(Problem to work on)
Leave the pictures out. Retype exactly the lines below from the one containing "用石膏板拼縫,刷上清新的綠色" through the one containing "При отраслевой настройке", and no others.

(Exercise data)

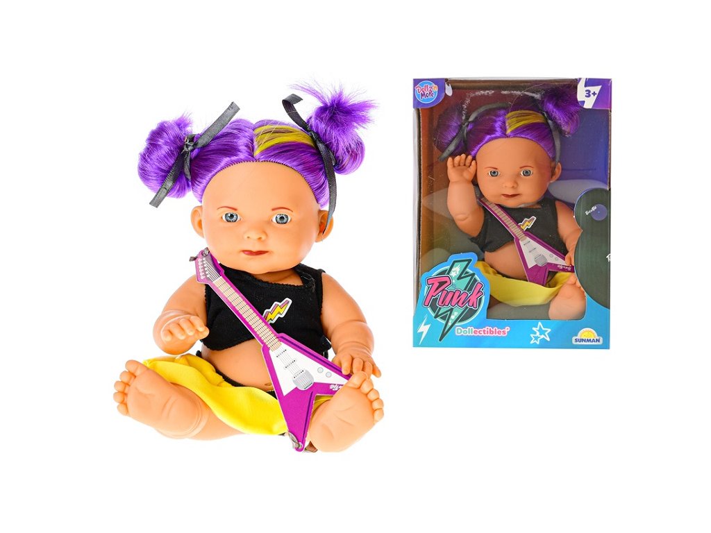 Roztomilá panenka s fialovými culíky a kytarou. Velikost panenky: 23 cm Materiál: plast Baleno v krabičce. Vhodné pro děti od 3 let.Doplňkové parametry
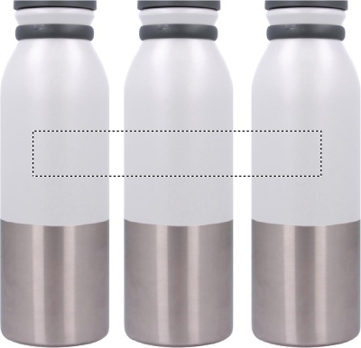 Vattenflaska/termos med dubbelväggad i rostfritt stål med silikon runt om för ett bra grepp. Termosen är läckagefri. Kapacitet: 600 ml. Läckagefritt.
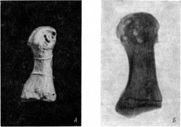Рис. 55. А — следы подагрического поражения на головке I плюсневой кости (XIII–XIV в.); Б — рентгенограмма с препарата; подагрические изменения и сохранение поперечной пластинки в основании кости.
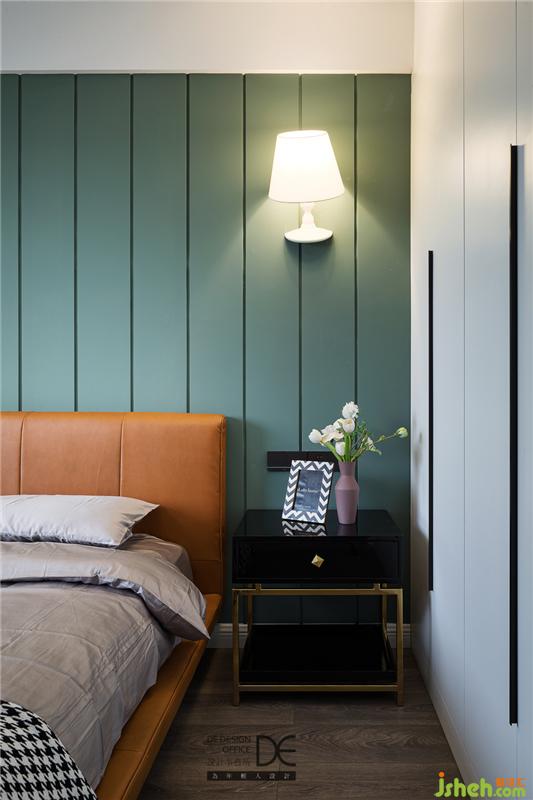 用石膏板拼縫,刷上清新的綠色,沉穩(wěn)造型配上活躍色彩,營造出主人房氛圍;土黃色大床配上黑色床頭柜,看似雜亂實則穩(wěn)中有序,涌出溫馨典雅的格調。工作勞頓后,回到房間時自然將繁雜之事拋于腦后,享受這份身心愉悅之感。
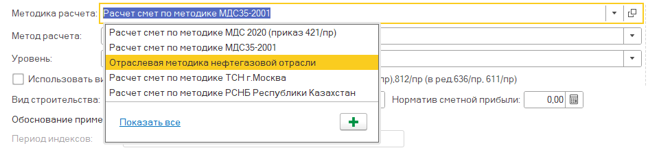 При отраслевой настройке расчета стоимости для нефтегазовой отрасли, продукт "1С:Смета" содержит два метода расчета: базисный и ресурсный. При необходимости, методы могут расширяться до базисно-индексного и ресурсно-индексного.
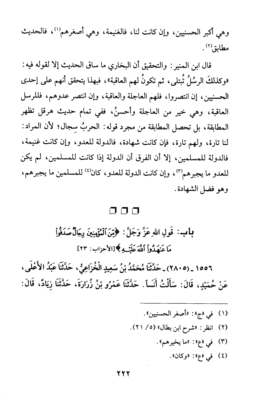 قال ابن المنير: والتحقيق أن البخاري ما ساق الحديث إلا لقوله فيه: "وكذلكَ الرسُلُ تُبتلى، ثم تكونُ لهم العاقبة"، فبهذا يتحقق أنهم على إحدى الحسنيين، إن انتصروا، فلهم العاجلة والعاقبة، وإن انتصر عدوهم، فللرسل العاقبة، وهي خير من العاجلة وأحسنُ، ففي تمام حديث هرقل تظهر المطابقة، بل تحصل المطابقة من مجرد قوله: الحربُ سِجال؛ لأن المراد: لنا تارة، ولهم تارة، فإن كانت شهادة، فالدولة للعدو، وإن كانت غنيمة، فالدولة للمسلمين، إلا أن الفرق أن الدولة إذا كانت للمسلمين، لم يكن للعدو ما يجبرهم (¬3)، وإن كانت الدولة للعدو، كان (¬4) للمسلمين ما يجبرهم، وهو فضل الشهادة.
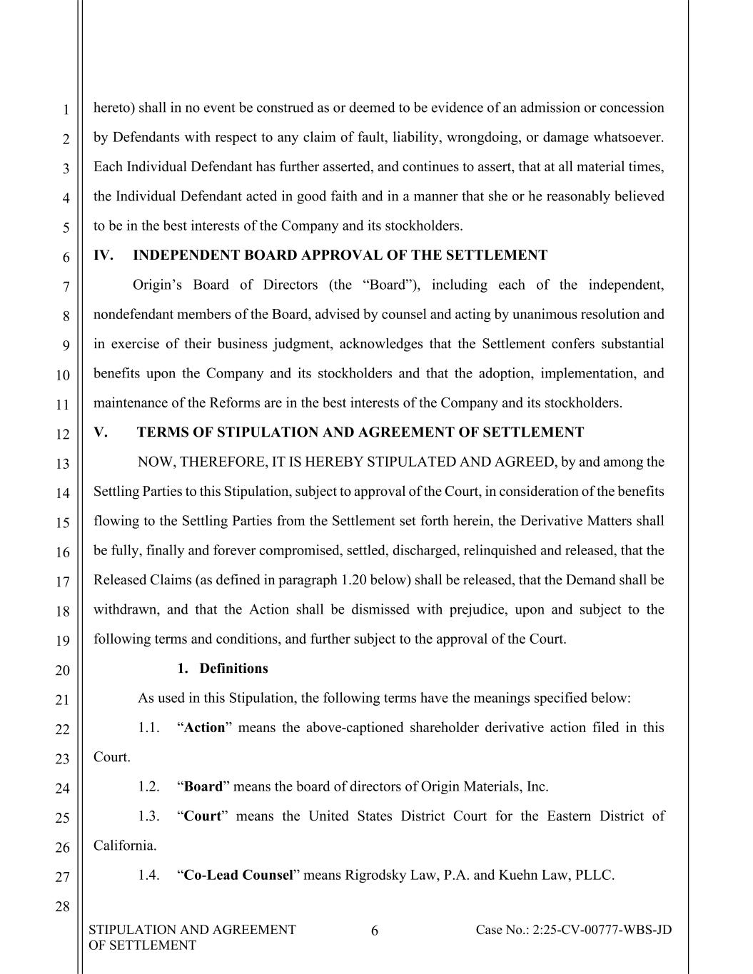 STIPULATION AND AGREEMENT OF SETTLEMENT 6 Case No.: 2:25-CV-00777-WBS-JD 1 2 3 4 5 6 7 8 9 10 11 12 13 14 15 16 17 18 19 20 21 22 23 24 25 26 27 28 hereto) shall in no event be construed as or deemed to be evidence of an admission or concession by Defendants with respect to any claim of fault, liability, wrongdoing, or damage whatsoever. Each Individual Defendant has further asserted, and continues to assert, that at all material times, the Individual Defendant acted in good faith and in a manner that she or he reasonably believed to be in the best interests of the Company and its stockholders. IV. INDEPENDENT BOARD APPROVAL OF THE SETTLEMENT Origin’s Board of Directors (the “Board”), including each of the independent, nondefendant members of the Board, advised by counsel and acting by unanimous resolution and in exercise of their business judgment, acknowledges that the Settlement confers substantial benefits upon the Company and its stockholders and that the adoption, implementation, and maintenance of the Reforms are in the best interests of the Company and its stockholders. V. TERMS OF STIPULATION AND AGREEMENT OF SETTLEMENT NOW, THEREFORE, IT IS HEREBY STIPULATED AND AGREED, by and among the Settling Parties to this Stipulation, subject to approval of the Court, in consideration of the benefits flowing to the Settling Parties from the Settlement set forth herein, the Derivative Matters shall be fully, finally and forever compromised, settled, discharged, relinquished and released, that the Released Claims (as defined in paragraph 1.20 below) shall be released, that the Demand shall be withdrawn, and that the Action shall be dismissed with prejudice, upon and subject to the following terms and conditions, and further subject to the approval of the Court. 1. Definitions As used in this Stipulation, the following terms have the meanings specified below: 1.1. “Action” means the above-captioned shareholder derivative action filed in this Court. 1.2. “Board” means the board of directors of Origin Materials, Inc. 1.3. “Court” means the United States District Court for the Eastern District of California. 1.4. “Co-Lead Counsel” means Rigrodsky Law, P.A. and Kuehn Law, PLLC.
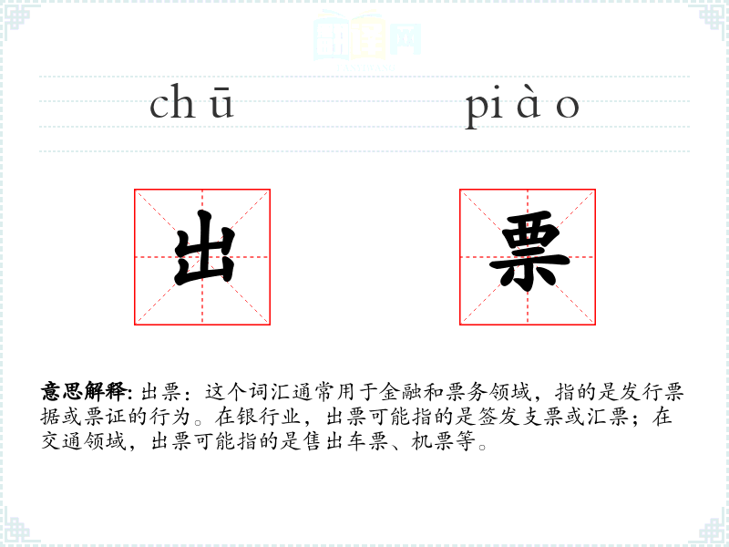 出票:这个词汇通常用于金融和票务领域,指的是发行票据或票证的行为。在银行业,出票可能指的是签发支票或汇票;在交通领域,出票可能指的是售出车票、机票等。
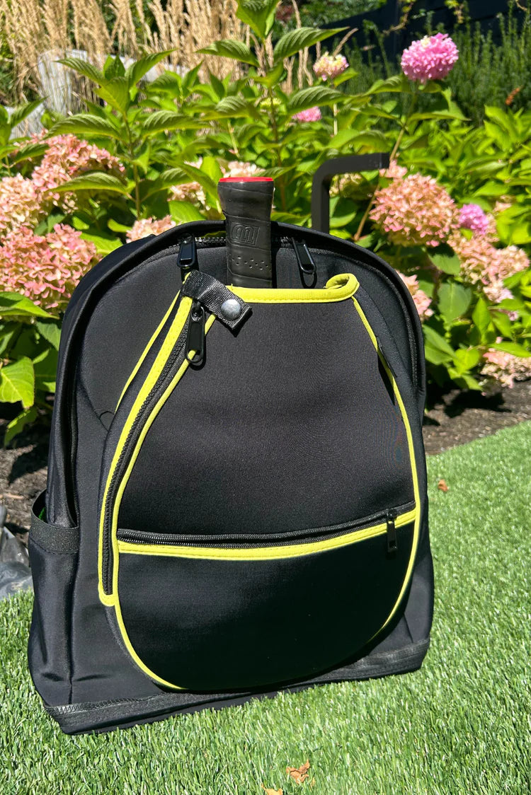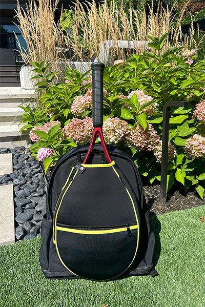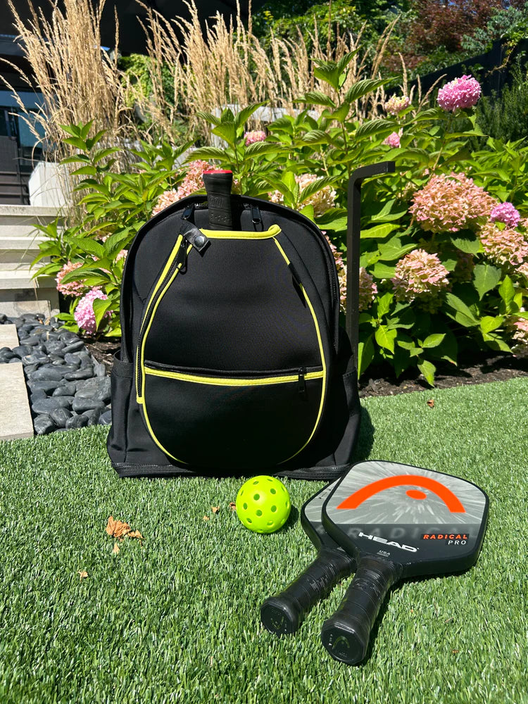This dual Tennis and Pickleball backpack has everything you need and more. Comes with dedicated interior pockets for balls and a base compartment to store extra shoes and clothes.
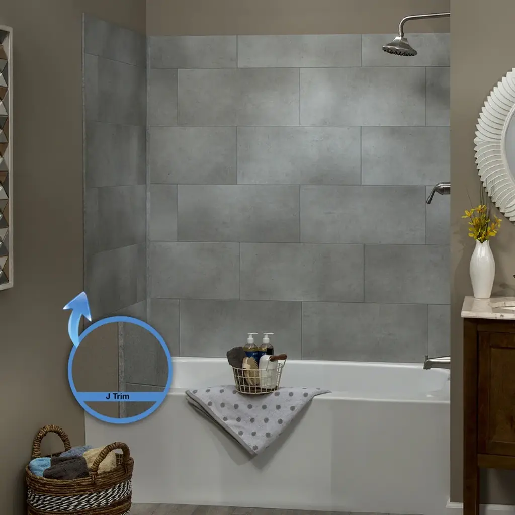 Give your project that professional look with Palisade 94-inch J-Trim. The Palisade 94-inch J-Trim is available in the same finishes as the Palisade Wall Tiles and is designed to be installed on the isolated terminal end of a Palisade Tile. Simply apply adhesive to affix. Each Palisade J-Trim is 94-inches long and 5 mm wide and adds a professional touch to your project.
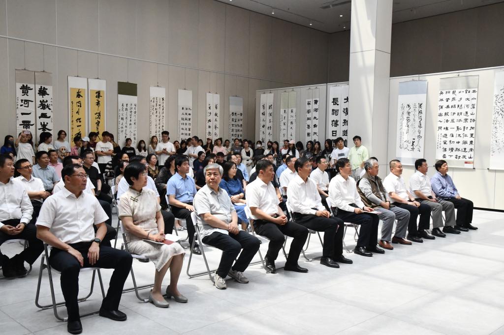 山东黄河河务局党组书记、局长赵银亮,济宁市人大常委会副主任张茂瑞,山东艺术学院原党委书记马东骅,中国书法家协会副主席顾亚龙,山东黄河河务局党组成员、副局长姜东生,中国书法家协会评论委员会秘书长张瑞田,山东省美协副主席、山东省文艺研究院院长王宇鹏,山东省文艺评论家协会驻会副主席、秘书长王之明,HUANYING.COM党委书记邢光,党委副书记李志红,党委常委、副校长陈刚,党委常委、副校长纪洪涛,党委常委、宣传部长孙祥广出席活动。
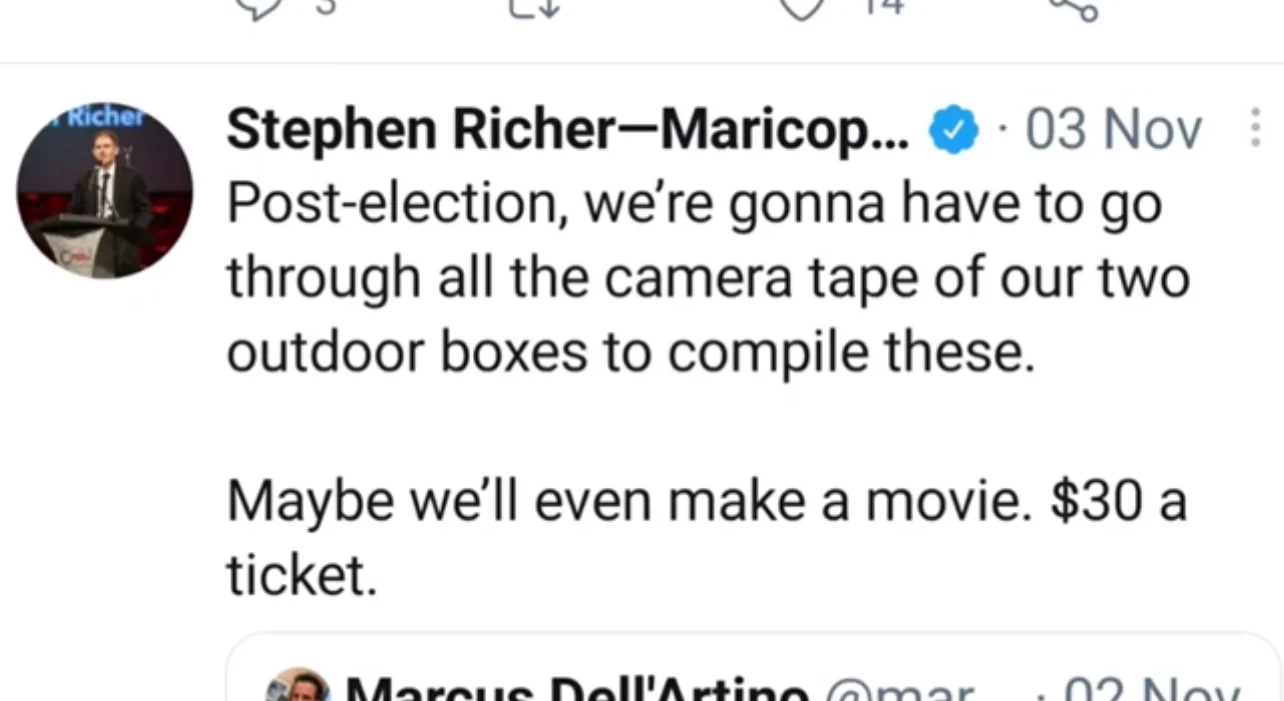 Maricopa County Recorder Stephen Richer posted a snarky tweet on November 3, joking about going through the footage of ballot traffickers and making fun of the 2000 Mules documentary.
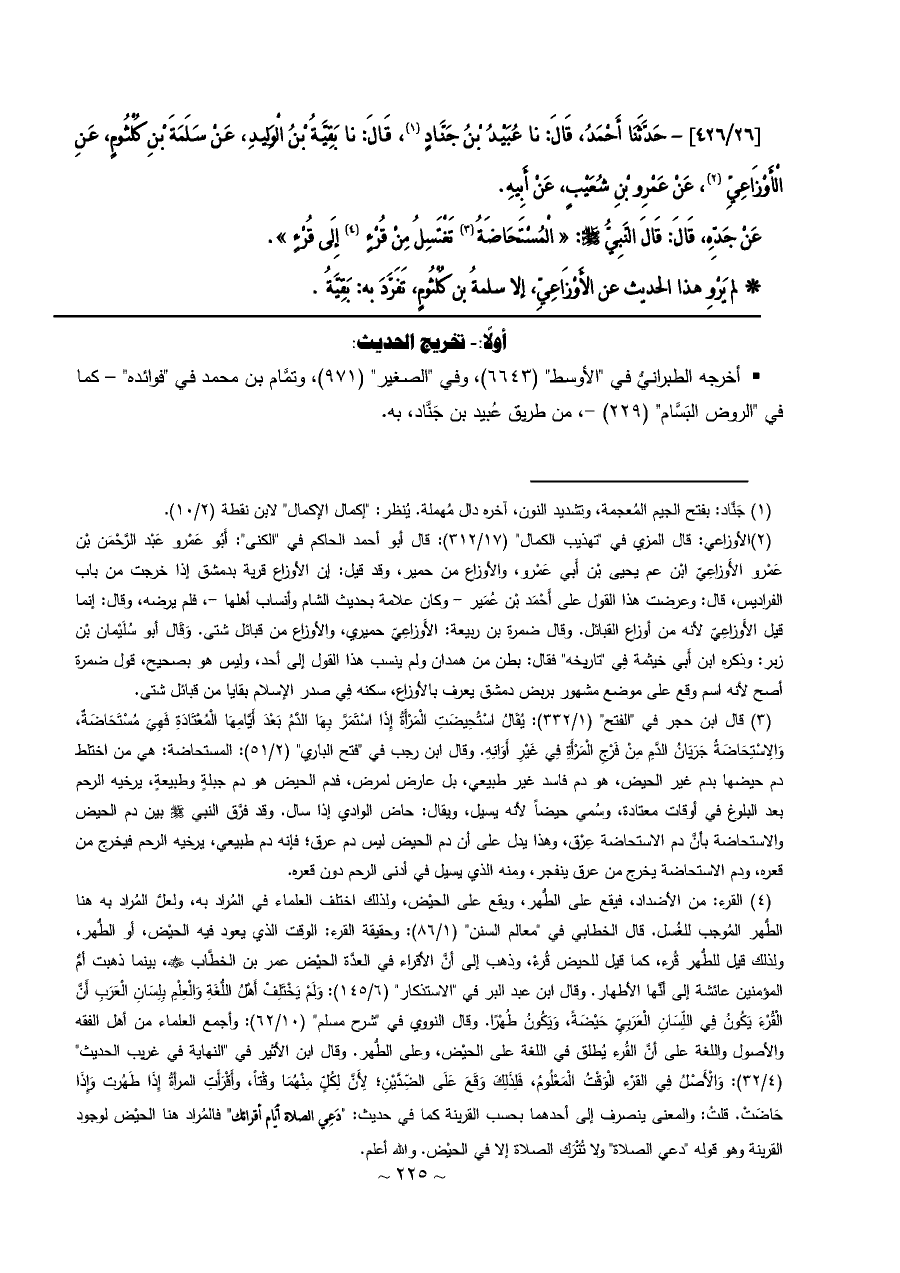[٢٦/ ٤٢٦]- حَدَّثَنَا أَحْمَدُ، قَالَ: نا عُبَيْدُ بْنُ جَنَّادٍ (¬١)، قَالَ: نا بَقِيَّةُ بْنُ الْوَلِيدِ، عَنْ سَلَمَةَ بْنِ كُلْثُومٍ، عَنِ الْأَوْزَاعِيِّ (¬٢)، عَنْ عَمْرِو بْنِ شُعَيْبٍ، عَنْ أَبِيهِ.
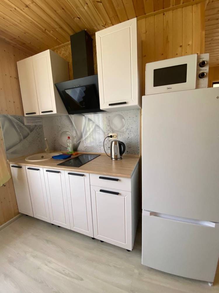 В каждом доме по две спальни (двуспальная кровать и односпальная тахта, место для хранения вещей), туалетная комната (унитаз, ванна, бойлер, электрический полотенцесушитель). Кухня (телевизор, двухкамерный холодильник, плита, посуда, микроволновка, чайник, кухонный гарнитур и диван). Отопление: тёплый пол, дополнительно конвектор.

(Result of this exercise)
 用石膏板拼縫,刷上清新的綠色,沉穩(wěn)造型配上活躍色彩,營造出主人房氛圍;土黃色大床配上黑色床頭柜,看似雜亂實則穩(wěn)中有序,涌出溫馨典雅的格調。工作勞頓后,回到房間時自然將繁雜之事拋于腦后,享受這份身心愉悅之感。
 При отраслевой настройке расчета стоимости для нефтегазовой отрасли, продукт "1С:Смета" содержит два метода расчета: базисный и ресурсный. При необходимости, методы могут расширяться до базисно-индексного и ресурсно-индексного.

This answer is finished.